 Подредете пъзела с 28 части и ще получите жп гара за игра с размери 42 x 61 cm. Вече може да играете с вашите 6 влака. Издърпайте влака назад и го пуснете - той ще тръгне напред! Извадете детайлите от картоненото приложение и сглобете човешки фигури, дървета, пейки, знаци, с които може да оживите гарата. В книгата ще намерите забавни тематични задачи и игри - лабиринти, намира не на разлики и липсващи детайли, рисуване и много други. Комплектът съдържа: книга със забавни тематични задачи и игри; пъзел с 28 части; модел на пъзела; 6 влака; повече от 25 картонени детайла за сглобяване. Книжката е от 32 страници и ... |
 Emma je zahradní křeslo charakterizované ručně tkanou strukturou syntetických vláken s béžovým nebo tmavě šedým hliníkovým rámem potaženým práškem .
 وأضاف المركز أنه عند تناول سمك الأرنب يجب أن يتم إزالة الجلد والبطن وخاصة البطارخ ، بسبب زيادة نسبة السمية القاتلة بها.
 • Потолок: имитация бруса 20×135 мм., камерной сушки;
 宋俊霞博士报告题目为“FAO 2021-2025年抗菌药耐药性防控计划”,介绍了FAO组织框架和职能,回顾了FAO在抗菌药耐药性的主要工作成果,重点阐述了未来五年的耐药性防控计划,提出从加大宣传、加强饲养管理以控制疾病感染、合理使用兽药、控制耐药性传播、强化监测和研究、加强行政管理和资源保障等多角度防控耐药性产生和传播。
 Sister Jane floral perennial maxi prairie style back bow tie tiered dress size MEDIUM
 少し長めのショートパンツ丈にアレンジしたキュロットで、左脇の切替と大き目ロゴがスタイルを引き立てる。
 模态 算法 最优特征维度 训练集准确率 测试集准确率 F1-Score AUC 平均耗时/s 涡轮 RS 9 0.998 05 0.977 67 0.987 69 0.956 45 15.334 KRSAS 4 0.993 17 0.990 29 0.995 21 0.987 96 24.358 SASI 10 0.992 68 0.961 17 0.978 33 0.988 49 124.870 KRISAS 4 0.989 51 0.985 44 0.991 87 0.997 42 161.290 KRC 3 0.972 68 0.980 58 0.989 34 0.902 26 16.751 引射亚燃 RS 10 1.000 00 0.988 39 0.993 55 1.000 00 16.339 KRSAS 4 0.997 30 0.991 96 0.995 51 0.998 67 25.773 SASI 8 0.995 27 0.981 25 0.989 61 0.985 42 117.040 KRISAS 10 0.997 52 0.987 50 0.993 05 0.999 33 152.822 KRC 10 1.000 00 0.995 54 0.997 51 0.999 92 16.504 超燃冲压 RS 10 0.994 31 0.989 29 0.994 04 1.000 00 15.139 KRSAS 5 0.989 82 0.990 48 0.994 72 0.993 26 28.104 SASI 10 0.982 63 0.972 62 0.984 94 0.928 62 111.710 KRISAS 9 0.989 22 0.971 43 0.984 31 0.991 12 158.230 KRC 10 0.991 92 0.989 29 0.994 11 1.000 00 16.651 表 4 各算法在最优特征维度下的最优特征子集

Task to complete – Without leaving anything out, output all of the data above exactly.

Answer to this problem –
 Подредете пъзела с 28 части и ще получите жп гара за игра с размери 42 x 61 cm. Вече може да играете с вашите 6 влака. Издърпайте влака назад и го пуснете - той ще тръгне напред! Извадете детайлите от картоненото приложение и сглобете човешки фигури, дървета, пейки, знаци, с които може да оживите гарата. В книгата ще намерите забавни тематични задачи и игри - лабиринти, намира не на разлики и липсващи детайли, рисуване и много други. Комплектът съдържа: книга със забавни тематични задачи и игри; пъзел с 28 части; модел на пъзела; 6 влака; повече от 25 картонени детайла за сглобяване. Книжката е от 32 страници и ... |
 Emma je zahradní křeslo charakterizované ručně tkanou strukturou syntetických vláken s béžovým nebo tmavě šedým hliníkovým rámem potaženým práškem .
 وأضاف المركز أنه عند تناول سمك الأرنب يجب أن يتم إزالة الجلد والبطن وخاصة البطارخ ، بسبب زيادة نسبة السمية القاتلة بها.
 • Потолок: имитация бруса 20×135 мм., камерной сушки;
 宋俊霞博士报告题目为“FAO 2021-2025年抗菌药耐药性防控计划”,介绍了FAO组织框架和职能,回顾了FAO在抗菌药耐药性的主要工作成果,重点阐述了未来五年的耐药性防控计划,提出从加大宣传、加强饲养管理以控制疾病感染、合理使用兽药、控制耐药性传播、强化监测和研究、加强行政管理和资源保障等多角度防控耐药性产生和传播。
 Sister Jane floral perennial maxi prairie style back bow tie tiered dress size MEDIUM
 少し長めのショートパンツ丈にアレンジしたキュロットで、左脇の切替と大き目ロゴがスタイルを引き立てる。
 模态 算法 最优特征维度 训练集准确率 测试集准确率 F1-Score AUC 平均耗时/s 涡轮 RS 9 0.998 05 0.977 67 0.987 69 0.956 45 15.334 KRSAS 4 0.993 17 0.990 29 0.995 21 0.987 96 24.358 SASI 10 0.992 68 0.961 17 0.978 33 0.988 49 124.870 KRISAS 4 0.989 51 0.985 44 0.991 87 0.997 42 161.290 KRC 3 0.972 68 0.980 58 0.989 34 0.902 26 16.751 引射亚燃 RS 10 1.000 00 0.988 39 0.993 55 1.000 00 16.339 KRSAS 4 0.997 30 0.991 96 0.995 51 0.998 67 25.773 SASI 8 0.995 27 0.981 25 0.989 61 0.985 42 117.040 KRISAS 10 0.997 52 0.987 50 0.993 05 0.999 33 152.822 KRC 10 1.000 00 0.995 54 0.997 51 0.999 92 16.504 超燃冲压 RS 10 0.994 31 0.989 29 0.994 04 1.000 00 15.139 KRSAS 5 0.989 82 0.990 48 0.994 72 0.993 26 28.104 SASI 10 0.982 63 0.972 62 0.984 94 0.928 62 111.710 KRISAS 9 0.989 22 0.971 43 0.984 31 0.991 12 158.230 KRC 10 0.991 92 0.989 29 0.994 11 1.000 00 16.651 表 4 各算法在最优特征维度下的最优特征子集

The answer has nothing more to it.